Comme on peut le découvrir dans le « document de fond » mis à disposition des participants par le CFDD, « Perspectives d’une efficacité des ressources dans le cadre du développement durable », la tension sur les ressources s’exprime déjà de façon très concrète : ainsi, le Parlement Européen a observé un triplement du prix du métal et des minerais sur le marché mondial, soit +285 % entre 2002 en 2008. Dans les prochaines années, de nombreux matériaux viendront à manquer, si l’on poursuit la ponction sur les ressources à la vitesse actuelle. C’est pourquoi, la Commission européenne tient régulièrement à jour une liste des matériaux dits « critiques », pour lesquels des ruptures d’approvisionnement sont à craindre et à anticiper…

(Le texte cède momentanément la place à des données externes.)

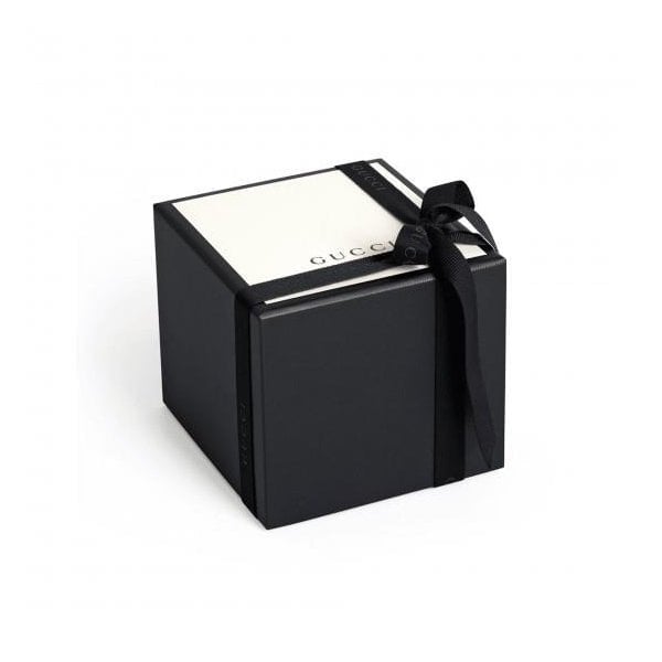 Presented on a black leather strap embossed with the double G logo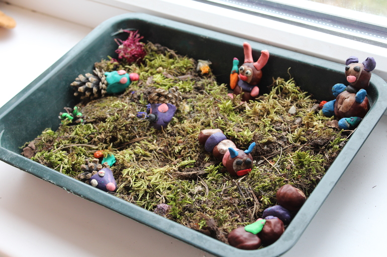 Почему гусеницы, ежики, зайцы и медведи синие-зеленые-розовые? А это пластилин старый у нас в остатках был... жалко было выбрасывать... пустили в дело)))

Face à cette situation, le « business as usual » n’est pas une option, tout le monde en convient. Mais l’attention est encore focalisée sur les progrès technologiques comme réceptacles de tout espoir de solution. Certes, ceux-ci sont nécessaires mais ne suffiront pas à assurer un développement soutenable de la planète. Dans l’ambiance générale de course aux profits et d’incitation à la consommation, les progrès technologiques sensés permettre une réduction de la consommation d’énergie ou de ressources, produisent in fine un accroissement de cette consommation parce que les biens ainsi produits sont moins chers et donc plus accessibles. C’est ce qu’on appelle l’effet rebond. Celui-ci s’observait déjà au XIXe siècle avec le charbon. L’effet rebond s’observe toujours aujourd’hui, alors que l’Europe augmente encore sa consommation en ressources, via les biens qu’elle importe. En poursuivant la ponction des ressources d’autres continents, on hypothèque d’autant le développement durable des régions concernées.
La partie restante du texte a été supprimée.